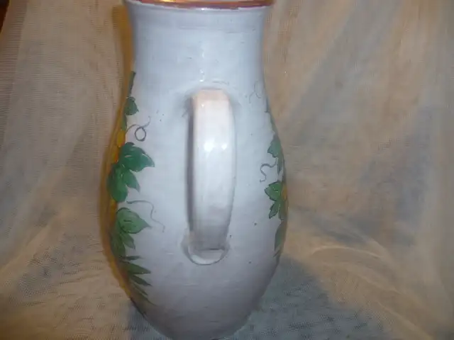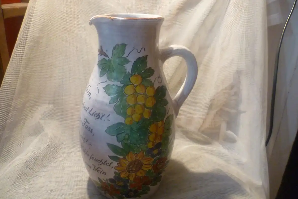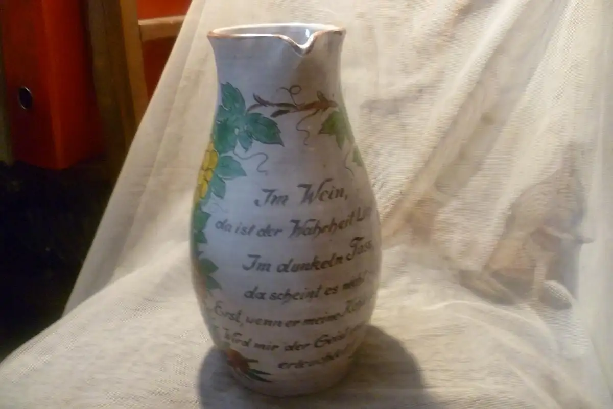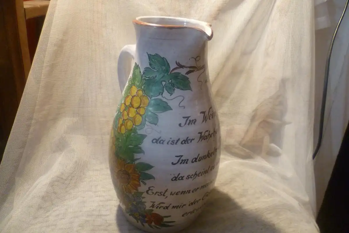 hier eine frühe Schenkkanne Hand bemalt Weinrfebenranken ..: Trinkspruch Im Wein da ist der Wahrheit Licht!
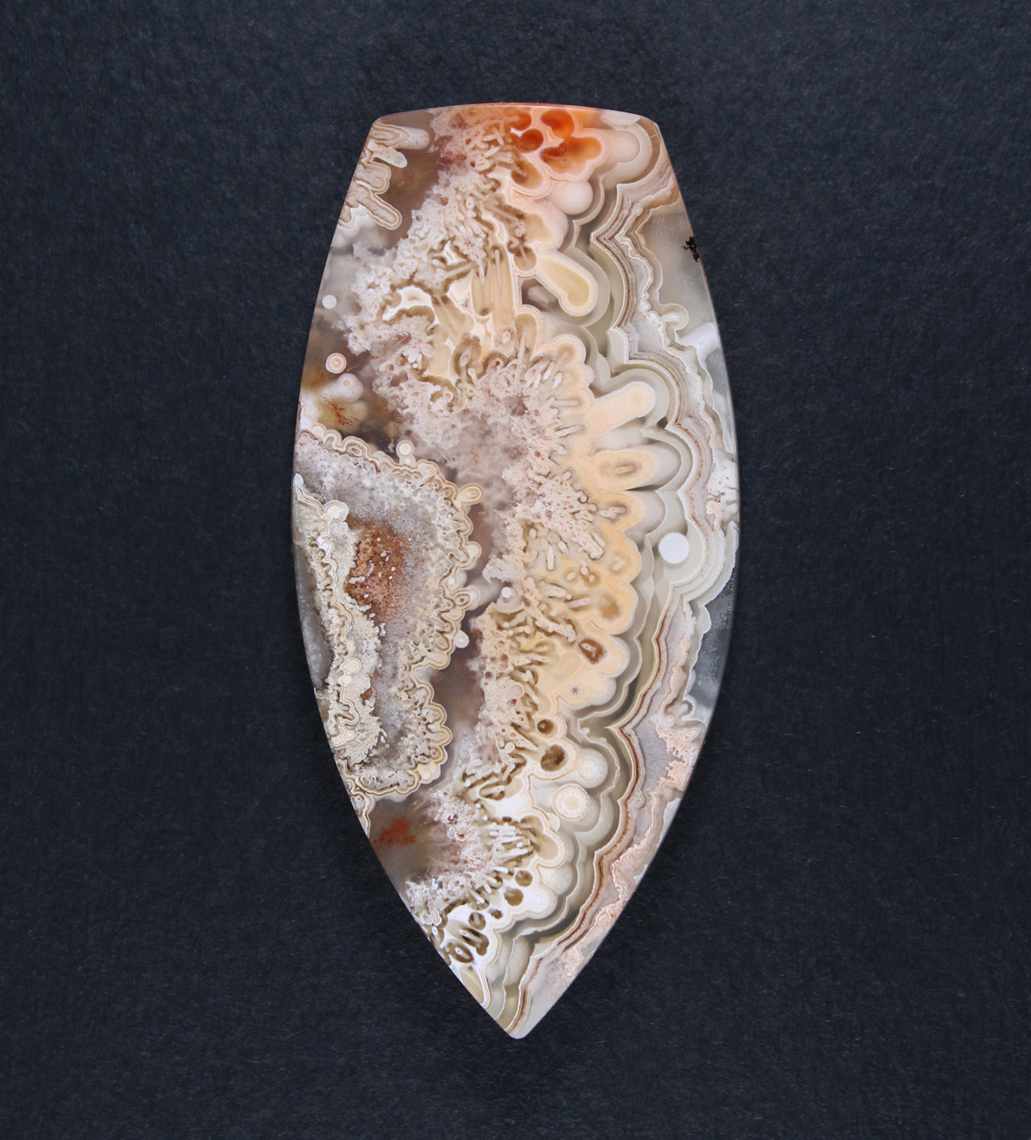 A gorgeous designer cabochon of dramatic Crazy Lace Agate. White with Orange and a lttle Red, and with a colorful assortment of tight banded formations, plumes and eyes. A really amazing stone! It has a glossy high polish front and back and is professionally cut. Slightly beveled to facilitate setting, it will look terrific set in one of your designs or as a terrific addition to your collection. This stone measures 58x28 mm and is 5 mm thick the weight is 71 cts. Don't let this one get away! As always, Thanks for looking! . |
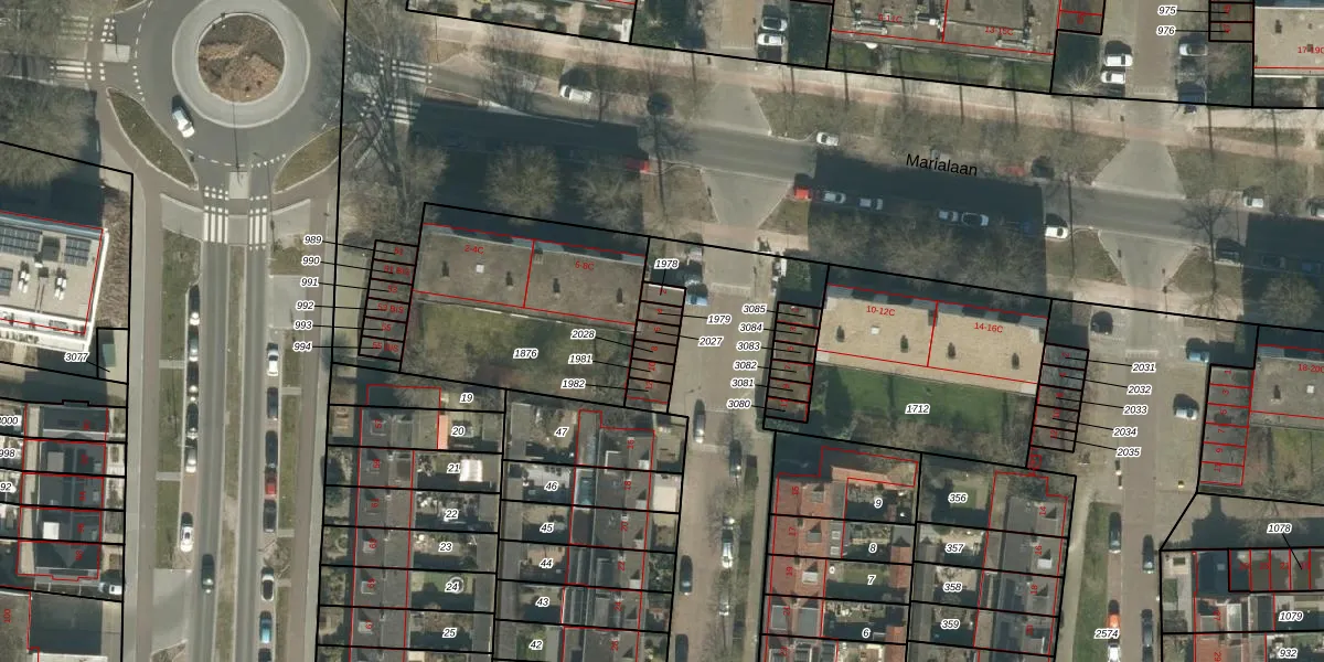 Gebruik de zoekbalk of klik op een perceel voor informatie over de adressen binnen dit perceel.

Problem to solve - With images left out, the data must be transcribed exactly.

Written solution -
 hier eine frühe Schenkkanne Hand bemalt Weinrfebenranken ..: Trinkspruch Im Wein da ist der Wahrheit Licht!
 A gorgeous designer cabochon of dramatic Crazy Lace Agate. White with Orange and a lttle Red, and with a colorful assortment of tight banded formations, plumes and eyes. A really amazing stone! It has a glossy high polish front and back and is professionally cut. Slightly beveled to facilitate setting, it will look terrific set in one of your designs or as a terrific addition to your collection. This stone measures 58x28 mm and is 5 mm thick the weight is 71 cts. Don't let this one get away! As always, Thanks for looking! . |
 Gebruik de zoekbalk of klik op een perceel voor informatie over de adressen binnen dit perceel.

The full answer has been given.